WHAT IS BEING ASKED: A picture-free, exact reproduction of the listing that follows is required.

GIVEN MATERIAL:
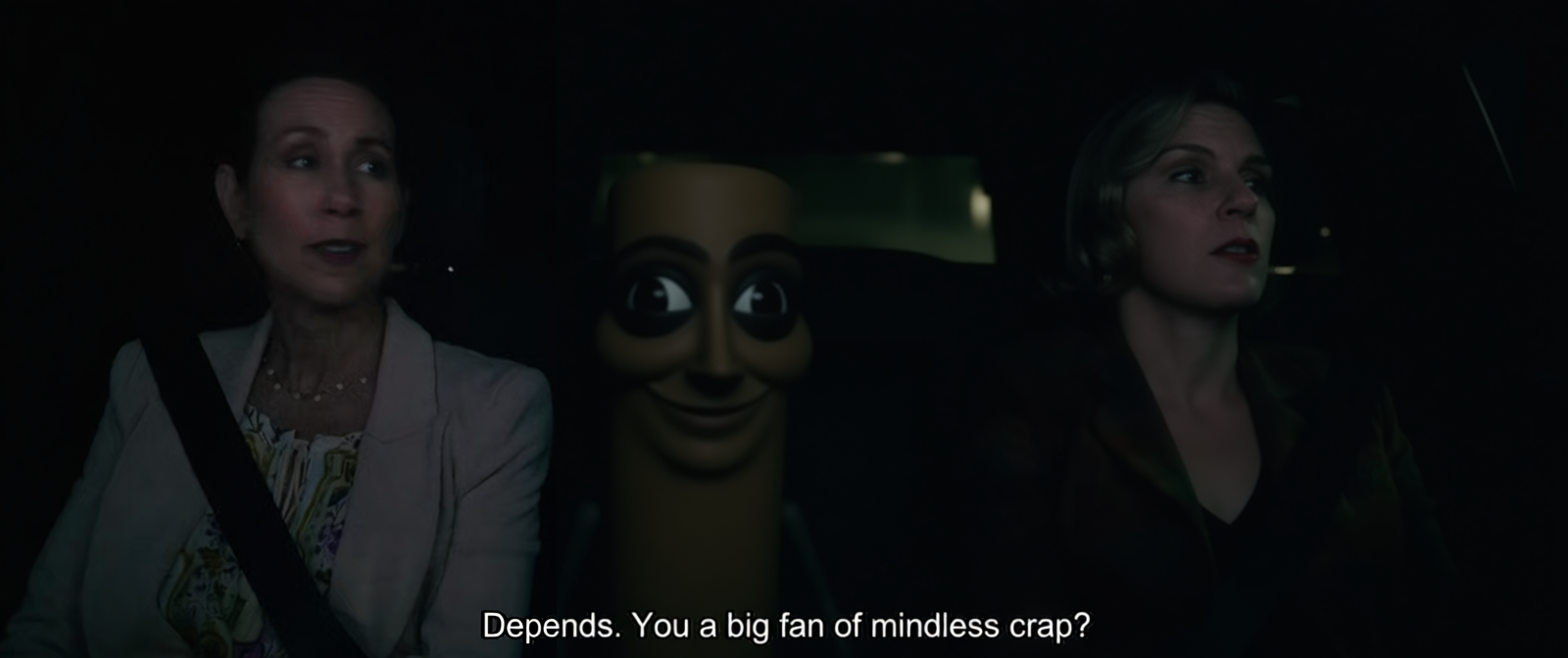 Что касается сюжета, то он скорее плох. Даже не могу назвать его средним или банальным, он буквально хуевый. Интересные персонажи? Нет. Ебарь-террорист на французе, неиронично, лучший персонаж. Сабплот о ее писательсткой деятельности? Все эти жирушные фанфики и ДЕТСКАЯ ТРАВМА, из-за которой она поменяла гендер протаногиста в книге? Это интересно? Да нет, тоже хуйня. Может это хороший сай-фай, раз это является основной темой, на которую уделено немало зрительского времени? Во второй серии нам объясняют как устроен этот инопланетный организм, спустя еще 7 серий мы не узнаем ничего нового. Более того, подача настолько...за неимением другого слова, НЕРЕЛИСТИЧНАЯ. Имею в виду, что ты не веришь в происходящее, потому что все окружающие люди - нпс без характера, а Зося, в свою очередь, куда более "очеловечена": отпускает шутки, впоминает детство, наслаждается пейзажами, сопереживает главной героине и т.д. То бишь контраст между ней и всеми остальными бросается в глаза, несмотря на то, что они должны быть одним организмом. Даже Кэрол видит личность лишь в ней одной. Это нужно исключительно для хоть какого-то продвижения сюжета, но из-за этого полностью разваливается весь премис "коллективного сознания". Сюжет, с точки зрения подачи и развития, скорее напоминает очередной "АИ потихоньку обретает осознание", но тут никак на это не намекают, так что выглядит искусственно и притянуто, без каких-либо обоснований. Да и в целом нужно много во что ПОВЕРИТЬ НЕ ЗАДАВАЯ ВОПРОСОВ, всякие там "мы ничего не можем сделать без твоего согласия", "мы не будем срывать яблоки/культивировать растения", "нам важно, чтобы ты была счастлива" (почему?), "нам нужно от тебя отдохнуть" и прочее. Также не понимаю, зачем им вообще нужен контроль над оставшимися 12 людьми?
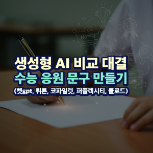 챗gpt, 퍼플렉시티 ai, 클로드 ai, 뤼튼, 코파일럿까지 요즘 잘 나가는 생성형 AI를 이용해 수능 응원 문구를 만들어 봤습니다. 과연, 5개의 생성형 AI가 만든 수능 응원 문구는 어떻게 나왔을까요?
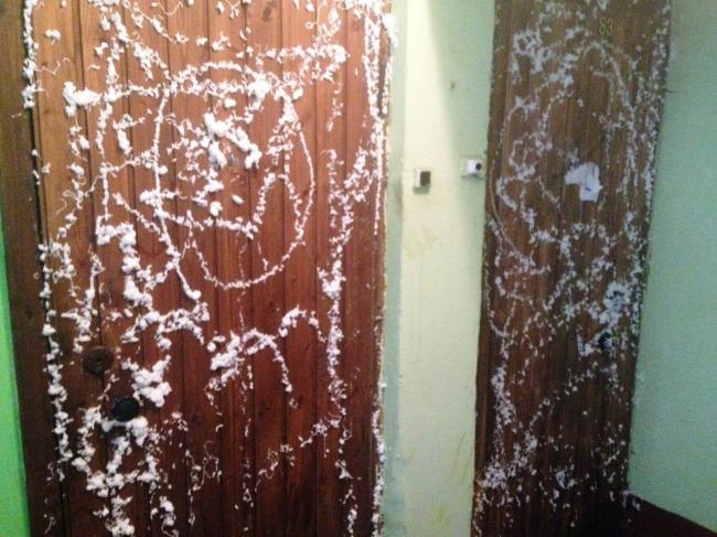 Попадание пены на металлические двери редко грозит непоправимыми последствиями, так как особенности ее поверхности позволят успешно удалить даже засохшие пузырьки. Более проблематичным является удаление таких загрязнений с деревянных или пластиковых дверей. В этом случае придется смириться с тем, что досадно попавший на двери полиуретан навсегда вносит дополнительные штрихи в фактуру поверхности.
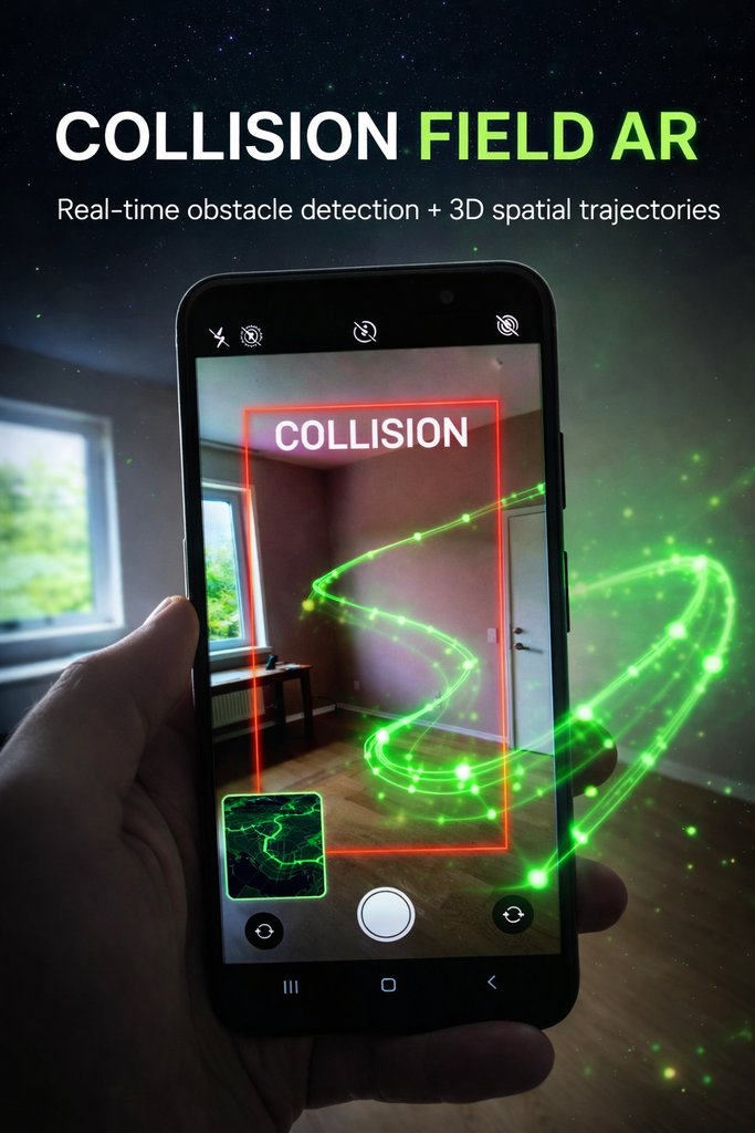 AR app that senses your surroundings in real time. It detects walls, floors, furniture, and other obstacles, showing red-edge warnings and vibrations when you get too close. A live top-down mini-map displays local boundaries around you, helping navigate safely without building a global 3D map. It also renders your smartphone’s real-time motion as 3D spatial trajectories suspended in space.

ANSWER TO THIS PROBLEM:
 Что касается сюжета, то он скорее плох. Даже не могу назвать его средним или банальным, он буквально хуевый. Интересные персонажи? Нет. Ебарь-террорист на французе, неиронично, лучший персонаж. Сабплот о ее писательсткой деятельности? Все эти жирушные фанфики и ДЕТСКАЯ ТРАВМА, из-за которой она поменяла гендер протаногиста в книге? Это интересно? Да нет, тоже хуйня. Может это хороший сай-фай, раз это является основной темой, на которую уделено немало зрительского времени? Во второй серии нам объясняют как устроен этот инопланетный организм, спустя еще 7 серий мы не узнаем ничего нового. Более того, подача настолько...за неимением другого слова, НЕРЕЛИСТИЧНАЯ. Имею в виду, что ты не веришь в происходящее, потому что все окружающие люди - нпс без характера, а Зося, в свою очередь, куда более "очеловечена": отпускает шутки, впоминает детство, наслаждается пейзажами, сопереживает главной героине и т.д. То бишь контраст между ней и всеми остальными бросается в глаза, несмотря на то, что они должны быть одним организмом. Даже Кэрол видит личность лишь в ней одной. Это нужно исключительно для хоть какого-то продвижения сюжета, но из-за этого полностью разваливается весь премис "коллективного сознания". Сюжет, с точки зрения подачи и развития, скорее напоминает очередной "АИ потихоньку обретает осознание", но тут никак на это не намекают, так что выглядит искусственно и притянуто, без каких-либо обоснований. Да и в целом нужно много во что ПОВЕРИТЬ НЕ ЗАДАВАЯ ВОПРОСОВ, всякие там "мы ничего не можем сделать без твоего согласия", "мы не будем срывать яблоки/культивировать растения", "нам важно, чтобы ты была счастлива" (почему?), "нам нужно от тебя отдохнуть" и прочее. Также не понимаю, зачем им вообще нужен контроль над оставшимися 12 людьми?
 챗gpt, 퍼플렉시티 ai, 클로드 ai, 뤼튼, 코파일럿까지 요즘 잘 나가는 생성형 AI를 이용해 수능 응원 문구를 만들어 봤습니다. 과연, 5개의 생성형 AI가 만든 수능 응원 문구는 어떻게 나왔을까요?
 Попадание пены на металлические двери редко грозит непоправимыми последствиями, так как особенности ее поверхности позволят успешно удалить даже засохшие пузырьки. Более проблематичным является удаление таких загрязнений с деревянных или пластиковых дверей. В этом случае придется смириться с тем, что досадно попавший на двери полиуретан навсегда вносит дополнительные штрихи в фактуру поверхности.
 AR app that senses your surroundings in real time. It detects walls, floors, furniture, and other obstacles, showing red-edge warnings and vibrations when you get too close. A live top-down mini-map displays local boundaries around you, helping navigate safely without building a global 3D map. It also renders your smartphone’s real-time motion as 3D spatial trajectories suspended in space.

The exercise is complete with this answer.